3 – Sur les demandes accessoires
Les consorts [N], qui succombent, seront condamnés in solidum aux entiers dépens de l’instance, dont distraction au profit de Maître Jérôme CHAMARD conformément aux dispositions de l’article 699 du code de procédure civile
Tenus aux dépens, ils seront condamnés in solidum, en application des dispositions de l’article 700 du code de procédure civile, à payer les sommes de :
— 1.500 € au syndicat des copropriétaires,
— 1.500 € aux époux [X].
Par voie de conséquence, ils seront déboutés de leurs demandes formées au titre des dépens, dont distraction, et des frais irrépétibles.

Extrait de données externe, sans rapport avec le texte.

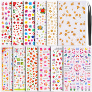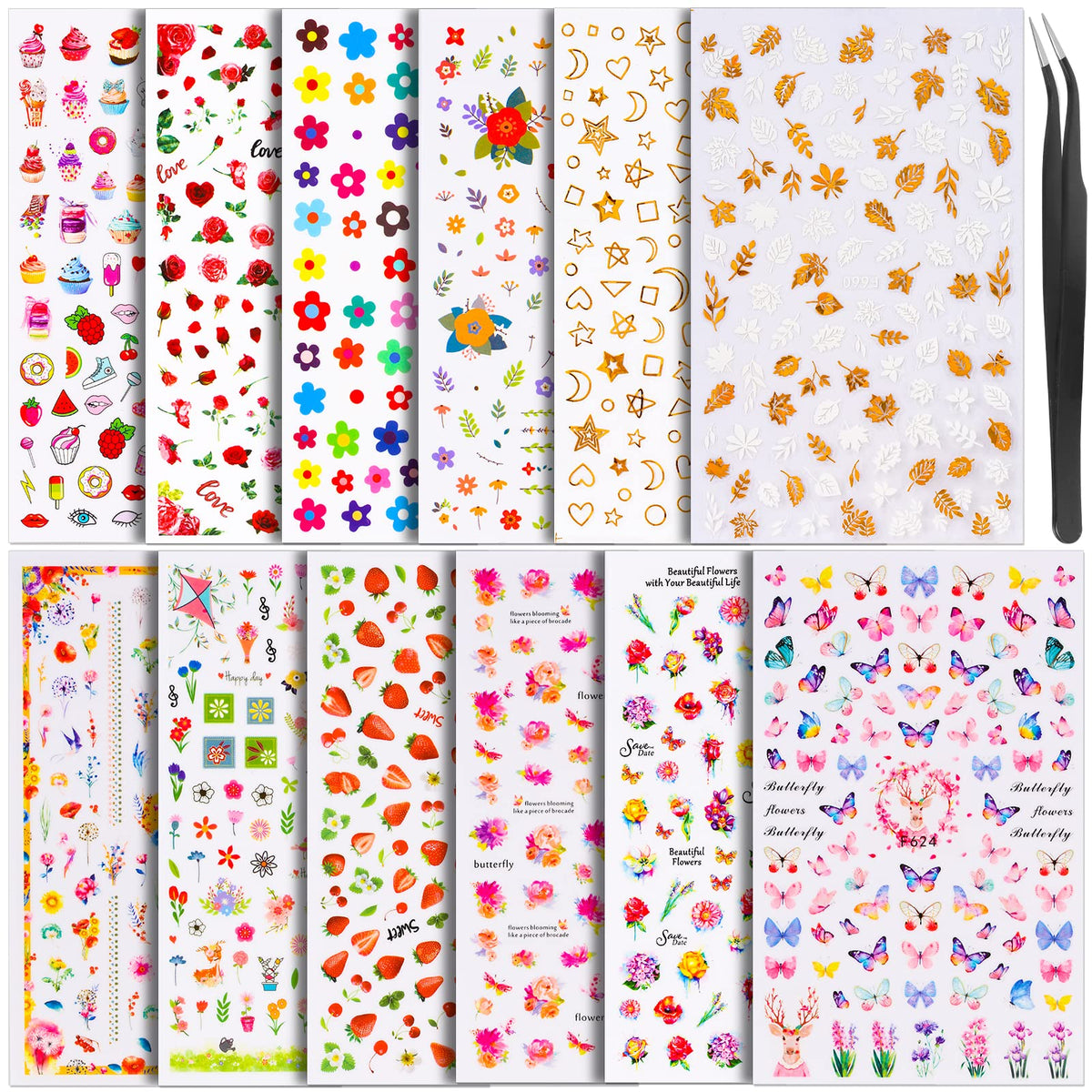 Teenitor Nail Art Stickers Self-Adhesive, 12 Sheets Flower Nail Stickers Butterfly Nail Decals Nail Stickers for Kids Flower Butterfly Stars Fruits Leaves Nail Decoration Stickers for Women Kids

Il convient de rappeler que l’exécution provisoire du présent jugement est de droit en application de l’article 514 du code de procédure civile.
PAR CES MOTIFS,
Le tribunal, statuant par un jugement réputé contradictoire, en premier ressort, après débats en audience publique et par mise à disposition au greffe,
Déboute M. [R] [N], Mme [O] [U] épouse [N] et M. [W] [N] de leur demande d’annulation dans son entier de l’assemblée générale du syndicat des copropriétaires l’immeuble sis [Adresse 11] à [Localité 19] en date du 5 juillet 2022,
Déboute M. [R] [N], Mme [O] [U] épouse [N] et M. [W] [N] de leurs demandes d’annulation des résolutions n° 10-1 à 10-4 de l’assemblée générale du syndicat des copropriétaires l’immeuble sis [Adresse 11] à [Localité 19] en date du 5 juillet 2022,
Déboute M. [R] [N], Mme [O] [U] épouse [N] et M. [W] [N] de leur demande d’annulation de la résolution n° 11 de l’assemblée générale du syndicat des copropriétaires l’immeuble sis [Adresse 11] à [Localité 19] en date du 5 juillet 2022,
Déboute M. [R] [N], Mme [O] [U] épouse [N] et M. [W] [N] de leur demande visant à voir ordonner, sous astreinte, à M. [P] [F] et Mme [V] [T] de libérer immédiatement le porche qui constitue une partie commune de la copropriété,
Déboute M. [R] [N], Mme [O] [U] épouse [N] et M. [W] [N] de leur demande visant à voir condamner in solidum M. [J] [X], Mme [S] [E], M. [P] [F] et Mme [V] [T] à leur payer la somme de 2.304 € au titre du préjudice économique subi par suite de l’occupation sauvage des parties communes et du refus d’exécuter leur engagement de créer le local vélo prévu par le règlement de copropriété,
Déboute M. [R] [N], Mme [O] [U] épouse [N] et M. [W] [N] de leur demande visant à voir condamner in solidum M. [J] [X], Mme [S] [E], à payer aux consorts [N] la somme de 7.000 € au titre du préjudice moral subi par suite de l’occupation sauvage des parties communes et du refus d’exécuter leur engagement de créer le local vélo prévu par le règlement de copropriété,
Déboute M. [R] [N], Mme [O] [U] épouse [N] et M. [W] [N] de leur demande visant à voir condamner in solidum M. [P] [F] et Mme [V] [T] à payer aux consorts [N] la somme de 2.000 € au titre du préjudice moral subi par suite de l’occupation sauvage des parties communes et du refus d’exécuter leur engagement de créer le local vélo prévu par le règlement de copropriété,
Condamne in solidum M. [R] [N], Mme [O] [U] épouse [N] et M. [W] [N] aux entiers dépens de l’instance, dont distraction au profit de Maître Jérôme CHAMARD conformément aux dispositions de l’article 699 du code de procédure civile,
Condamne in solidum M. [R] [N], Mme [O] [U] épouse [N] et M. [W] [N] à payer au syndicat des copropriétaires de l’immeuble situé [Adresse 11] à [Localité 19] la somme de 1.500 € en application des dispositions de l’article 700 du code de procédure civile,
Condamne in solidum M. [R] [N], Mme [O] [U] épouse [N] et M. [W] [N] à payer à M. [I] [J] [X], Mme [S] [E] épouse [X] la somme globale de 1.500 € en application des dispositions de l’article 700 du code de procédure civile,
Déboute M. [R] [N], Mme [O] [U] épouse [N] et M. [W] [N] de de leurs demandes formées au titre des dépens, dont distraction, et des dispositions de l’article 700 du code de procédure civile,
Rappelle que l’exécution provisoire du présent jugement est de droit.